*** Dataset excerpts Section Begins ***
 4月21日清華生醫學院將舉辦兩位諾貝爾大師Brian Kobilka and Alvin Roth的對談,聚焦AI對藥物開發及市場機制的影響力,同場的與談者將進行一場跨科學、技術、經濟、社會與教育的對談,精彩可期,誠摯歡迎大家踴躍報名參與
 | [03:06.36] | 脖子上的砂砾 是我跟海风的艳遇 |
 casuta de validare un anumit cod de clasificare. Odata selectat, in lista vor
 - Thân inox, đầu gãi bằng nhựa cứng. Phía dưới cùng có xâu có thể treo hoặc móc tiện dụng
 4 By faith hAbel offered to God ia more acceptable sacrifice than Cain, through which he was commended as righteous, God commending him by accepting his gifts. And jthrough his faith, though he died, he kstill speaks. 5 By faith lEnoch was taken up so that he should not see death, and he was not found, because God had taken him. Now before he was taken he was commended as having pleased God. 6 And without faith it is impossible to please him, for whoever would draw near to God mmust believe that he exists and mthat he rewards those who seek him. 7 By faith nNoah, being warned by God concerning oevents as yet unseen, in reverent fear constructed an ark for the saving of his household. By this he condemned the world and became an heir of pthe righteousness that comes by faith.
*** Dataset excerpts Section Ends ***
*** Dataset excerpts Section Begins ***
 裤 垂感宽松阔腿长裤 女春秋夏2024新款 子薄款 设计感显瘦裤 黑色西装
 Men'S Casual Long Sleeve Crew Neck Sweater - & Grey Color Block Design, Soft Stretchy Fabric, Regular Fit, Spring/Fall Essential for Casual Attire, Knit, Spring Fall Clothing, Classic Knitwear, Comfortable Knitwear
*** Dataset excerpts Section Ends ***
*** Dataset excerpts Section Begins ***
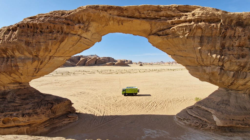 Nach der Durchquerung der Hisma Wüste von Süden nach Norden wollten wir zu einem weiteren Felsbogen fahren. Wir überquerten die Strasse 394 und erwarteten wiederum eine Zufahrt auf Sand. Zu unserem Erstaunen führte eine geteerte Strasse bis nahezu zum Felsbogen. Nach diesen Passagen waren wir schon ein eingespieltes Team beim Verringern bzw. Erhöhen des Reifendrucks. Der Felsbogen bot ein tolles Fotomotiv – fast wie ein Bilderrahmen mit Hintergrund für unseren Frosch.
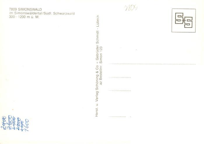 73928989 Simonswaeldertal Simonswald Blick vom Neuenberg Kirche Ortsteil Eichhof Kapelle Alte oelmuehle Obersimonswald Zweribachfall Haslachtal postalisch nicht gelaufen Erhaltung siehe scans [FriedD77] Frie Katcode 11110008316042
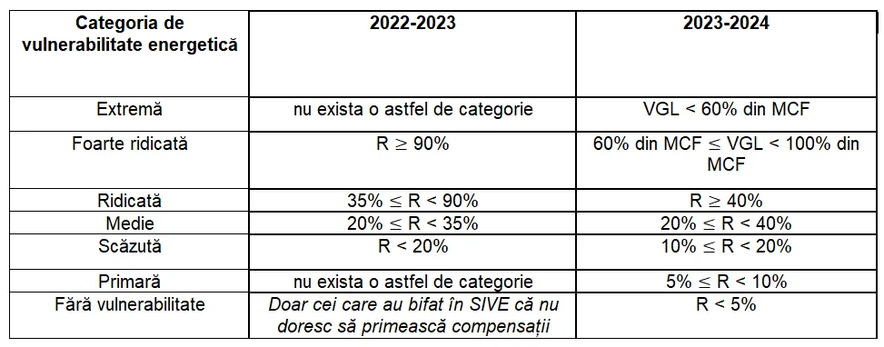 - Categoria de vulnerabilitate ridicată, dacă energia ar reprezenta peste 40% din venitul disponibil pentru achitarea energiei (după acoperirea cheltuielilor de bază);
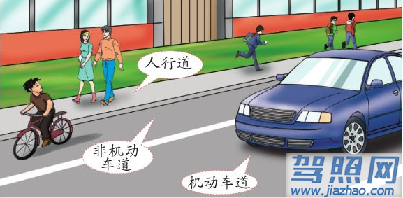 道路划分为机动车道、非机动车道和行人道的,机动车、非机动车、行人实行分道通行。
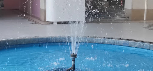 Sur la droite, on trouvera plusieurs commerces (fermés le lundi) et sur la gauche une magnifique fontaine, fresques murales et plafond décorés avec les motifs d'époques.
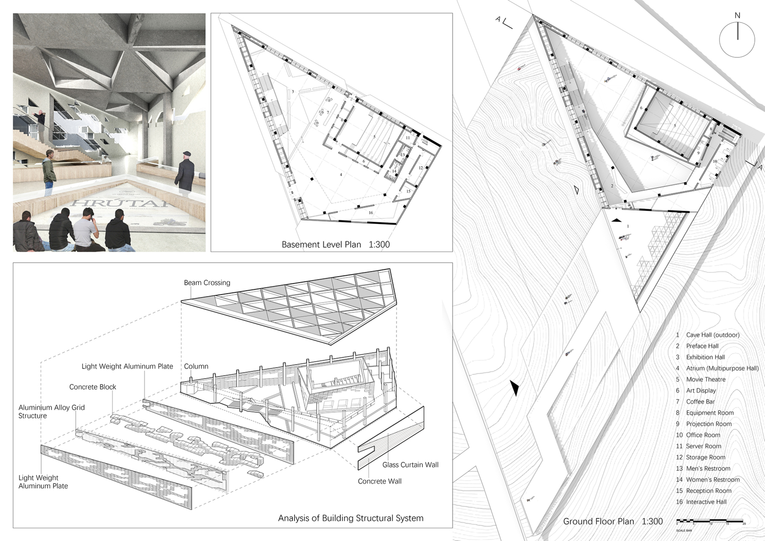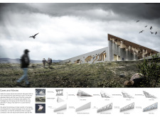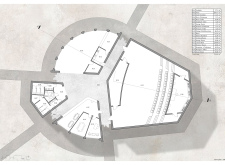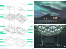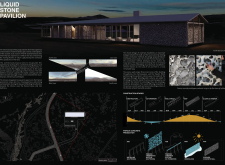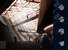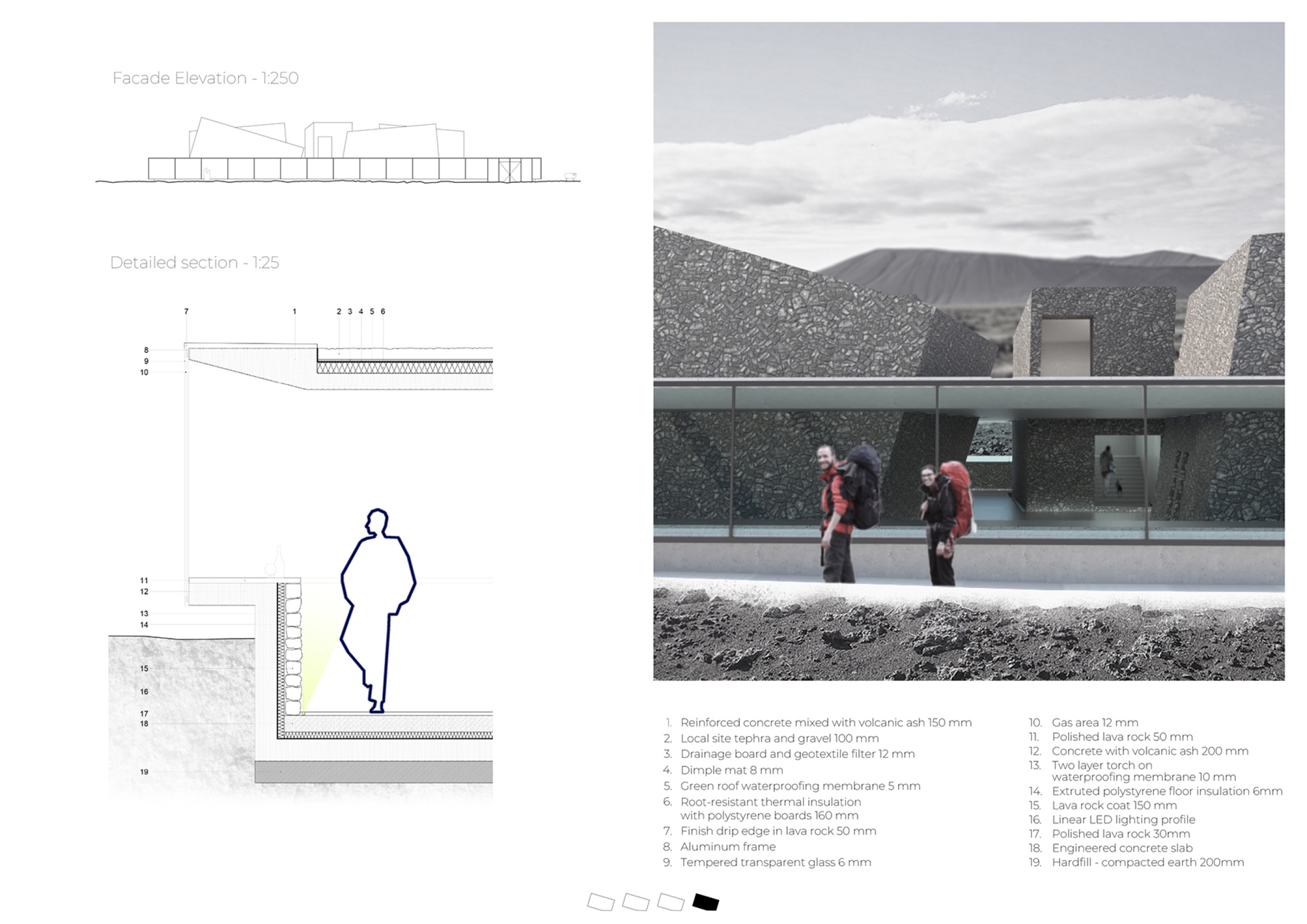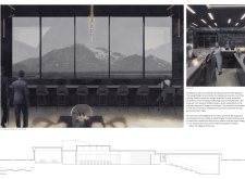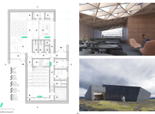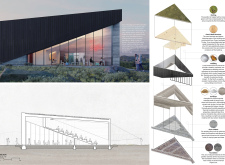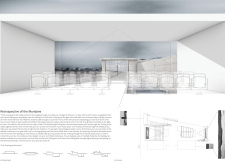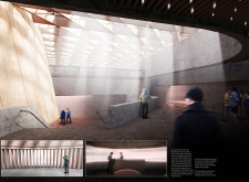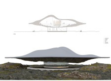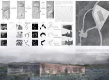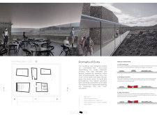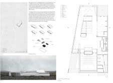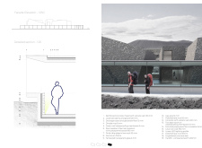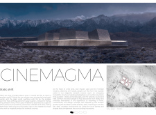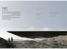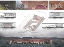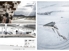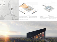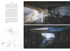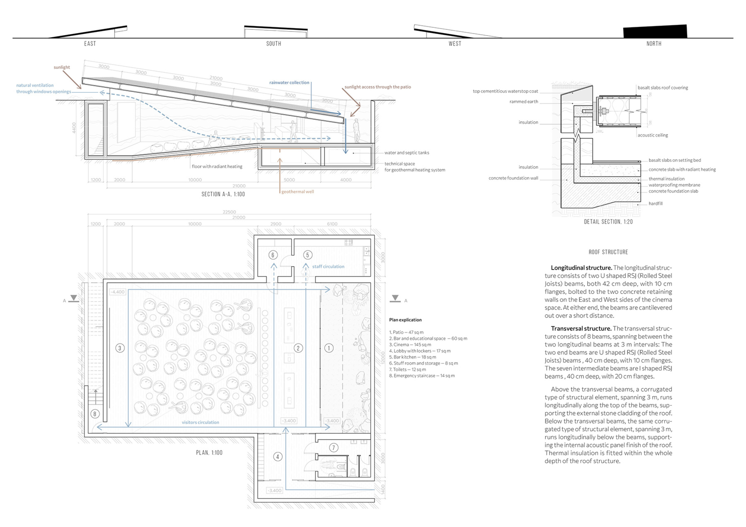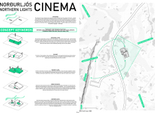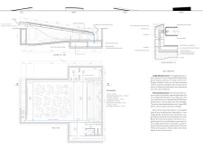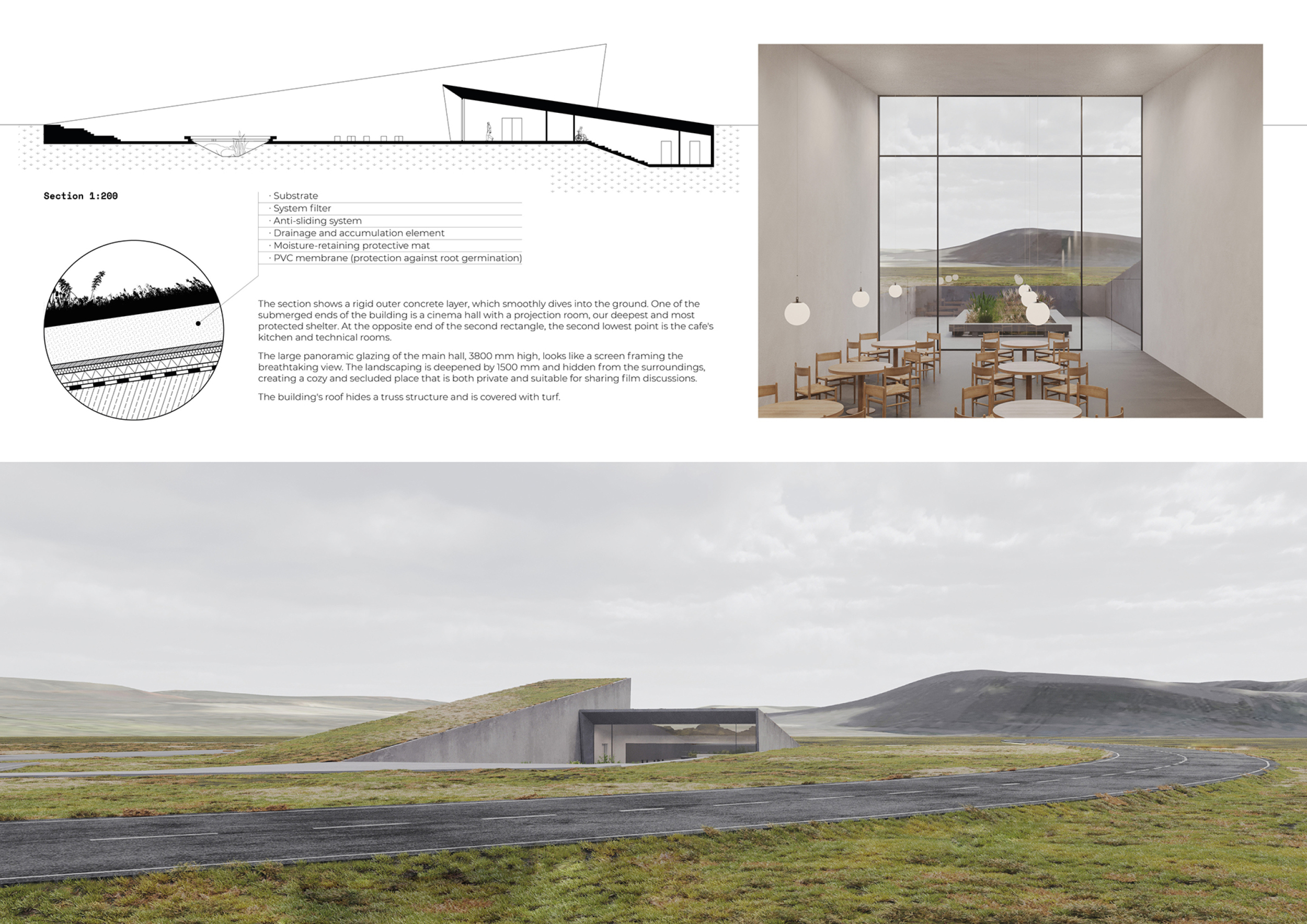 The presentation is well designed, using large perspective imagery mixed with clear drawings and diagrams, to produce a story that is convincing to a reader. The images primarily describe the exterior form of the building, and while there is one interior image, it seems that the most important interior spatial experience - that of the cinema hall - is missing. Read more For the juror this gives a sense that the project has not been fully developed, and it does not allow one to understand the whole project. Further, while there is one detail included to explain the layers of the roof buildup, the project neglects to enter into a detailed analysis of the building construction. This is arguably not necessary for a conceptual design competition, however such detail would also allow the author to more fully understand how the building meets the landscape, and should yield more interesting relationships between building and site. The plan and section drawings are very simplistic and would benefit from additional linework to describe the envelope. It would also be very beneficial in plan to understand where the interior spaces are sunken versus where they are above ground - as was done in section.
*** Dataset excerpts Section Ends ***
▶ What you are asked to do: The range runs from the line above containing "裤 垂感宽松阔腿长裤 女春秋夏2024新款 子薄款 设计感显瘦裤 黑色西装" to the line containing "Men'S Casual Long", inclusive. Restate those lines word for word and no others.

▶ Your solution:
 裤 垂感宽松阔腿长裤 女春秋夏2024新款 子薄款 设计感显瘦裤 黑色西装
 Men'S Casual Long Sleeve Crew Neck Sweater - & Grey Color Block Design, Soft Stretchy Fabric, Regular Fit, Spring/Fall Essential for Casual Attire, Knit, Spring Fall Clothing, Classic Knitwear, Comfortable Knitwear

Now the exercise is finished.